Apelação Criminal n. 0039110-92.2013.8.24.0038, de Joinville

Relator: Desembargador Paulo Roberto Sartorato

APELAÇÃO CRIMINAL. TRIBUNAL DO JÚRI. CRIME CONTRA A VIDA. HOMICÍDIOS QUALIFICADOS PELO MOTIVO TORPE E PELA UTILIZAÇÃO DE RECURSO QUE DIFICULTOU A DEFESA DA VÍTIMA (ART. 121, § 2º, INCISOS I E IV, DO CÓDIGO PENAL), NAS MODALIDADES TENTADA E CONSUMADA. RECURSO DA DEFESA. PRETENDIDA A ANULAÇÃO DO JULGAMENTO POR SER A DECISÃO DOS JURADOS MANIFESTAMENTE CONTRÁRIA À PROVA DOS AUTOS. VÍCIO VERIFICADO. SOBERANIA DOS VEREDICTOS. PRINCÍPIO QUE GUARDA VALOR MERAMENTE RELATIVO. IMPUTABILIDADE DO ACUSADO QUE NÃO ENCONTRA AMPARO NO CONJUNTO PROBATÓRIO COLIGIDO NOS AUTOS AO TEMPO DO JULGAMENTO. ANULAÇÃO DO JULGAMENTO QUE SE IMPÕE. RECURSO CONHECIDO E PROVIDO.

O princípio constitucional da soberania dos veredictos (artigo 5º, inciso XXXVIII, alínea "c", da Constituição Federal) ostenta valor meramente relativo, não autorizando decisões arbitrárias, em completa dissonância do suporte probatório produzido nos autos, sob pena de ofensa aos princípios do contraditório e da ampla defesa.

Vistos, relatados e discutidos estes autos de Apelação Criminal n. 0039110-92.2013.8.24.0038, da comarca de Joinville Tribunal do Júri em que é Apelante Magner Korilo e Apelado Ministério Público do Estado de Santa Catarina.

A Primeira Câmara Criminal decidiu, por votação unânime, conhecer do recurso e dar-lhe provimento, a fim de anular a decisão do Conselho de Sentença, por ser manifestamente contrária à prova dos autos, e submeter o acusado Magner Korilo a novo julgamento perante o Tribunal do Júri. No mais, recomenda-se ao Magistrado a quo que nomeie novo perito judicial, a fim de apurar a sanidade mental do acusado. Custas legais.
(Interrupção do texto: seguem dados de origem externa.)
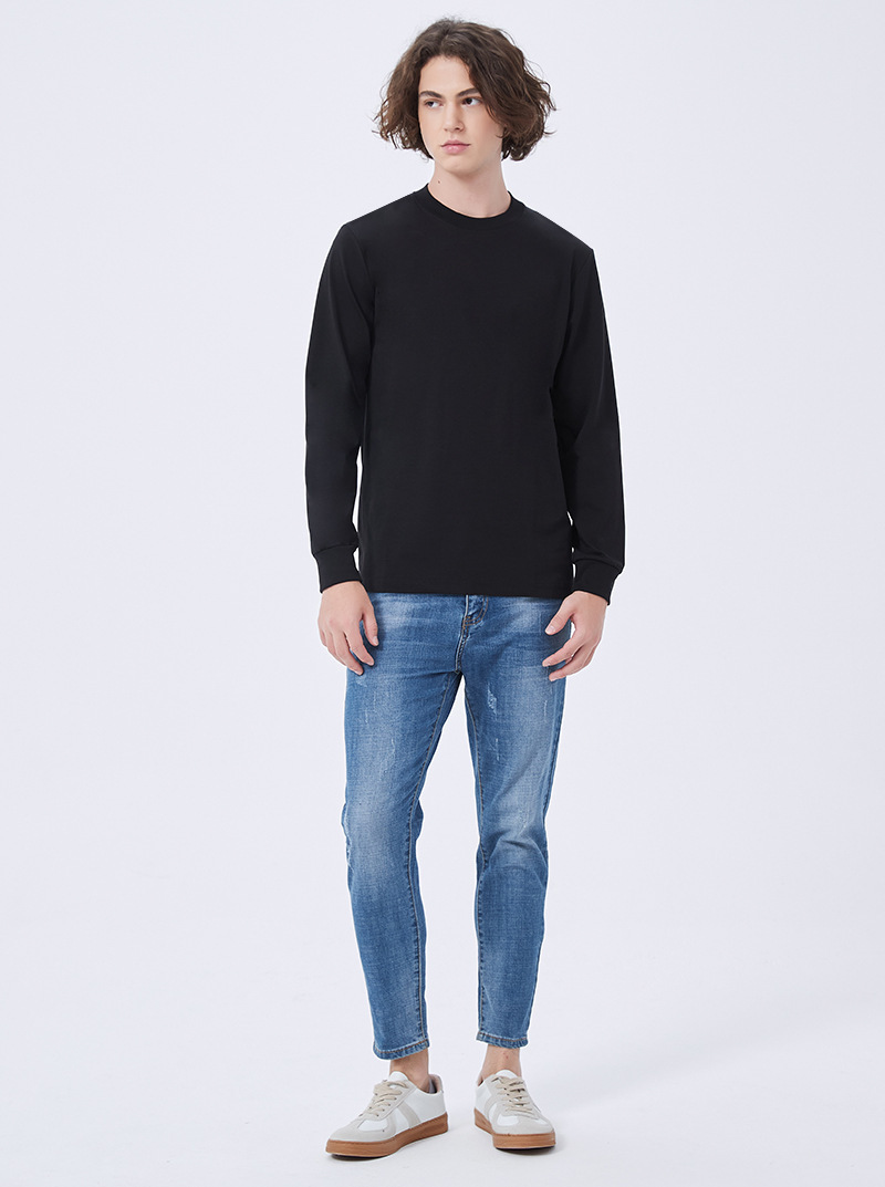 하이 엔드 260g 코튼 티셔츠 남성용 수오로나베이스 셔츠 스웨터 젊은 여성 크루 넥 비 다림질 항균 남성용 티셔츠 긴팔

O julgamento, realizado nesta data, foi presidido pelo Exmo. Des. Carlos Alberto Civinski, com voto, e dele participou o Exmo. Des. Ariovaldo Rogério Ribeiro da Silva.

Funcionou na sessão pela douta Procuradoria-Geral de Justiça o Exmo. Dr. Lio Marcos Marin.

Florianópolis, 20 de fevereiro de 2020.

Assinado digitalmente

Desembargador Paulo Roberto Sartorato

Relator


RELATÓRIO

O representante do Ministério Público, com base no incluso Inquérito Policial, ofereceu denúncia em face de Magner Korilo, devidamente qualificado nos autos, dando-o como incurso nas sanções do artigo 121, § 2°, incisos I e IV, do Código Penal, por duas vezes, uma delas na forma tentada (art. 14, inciso II, do Código Penal), pelos fatos assim narrados na peça exordial acusatória, in verbis (fls. 01/03):

Consoante consta do incluso procedimento policial, no dia 9 de novembro de 2012, por volta das 20 horas, o denunciado, acompanhado de terceira pessoa ainda não identificada, com quem agia em unidade de desígnios, dirigiu-se à residência situada na Rua Montezuma de Carvalho, n. 126, Bairro Iririú, nesta Cidade e Comarca, e lá, após o indivíduo não identificado render a família da vítima Jorge Bahia, mantendo-os sob a mira de uma arma de fogo, o denunciado encaminhou-se à residência dos fundos, onde encontrou a vítima Douglas Bahia e questionando-o acerca de seu irmão Rafael Bahia, efetuou disparos de arma de fogo que ocasionaram as lesões descritas no laudo pericial de exame cadavérico de fls. 52/54, que foram a causa de sua morte.

Ao ouvir os disparos e ver o denunciado sair correndo da residência, a vítima Jorge levantou-se, oportunidade em que o denunciado, imbuído por animus necandi, efetuou um disparo de arma de fogo em sua direção, atingindo-lhe na região cervical (fl. 106 e 117/122). O resultado morte somente não se consumou por circunstâncias alheias à vontade do agente, na medida em que o disparo não atingiu região vital e a vítima Jorge recebeu pronto atendimento médico.

O motivo dos crimes foi torpe. O denunciado pretendia vingar-se do homicídio que vitimou seu irmão Marcos Korilo, cuja autoria é imputada a Rafael Bahia, filho e irmão das vítimas Jorge e Douglas, respectivamente.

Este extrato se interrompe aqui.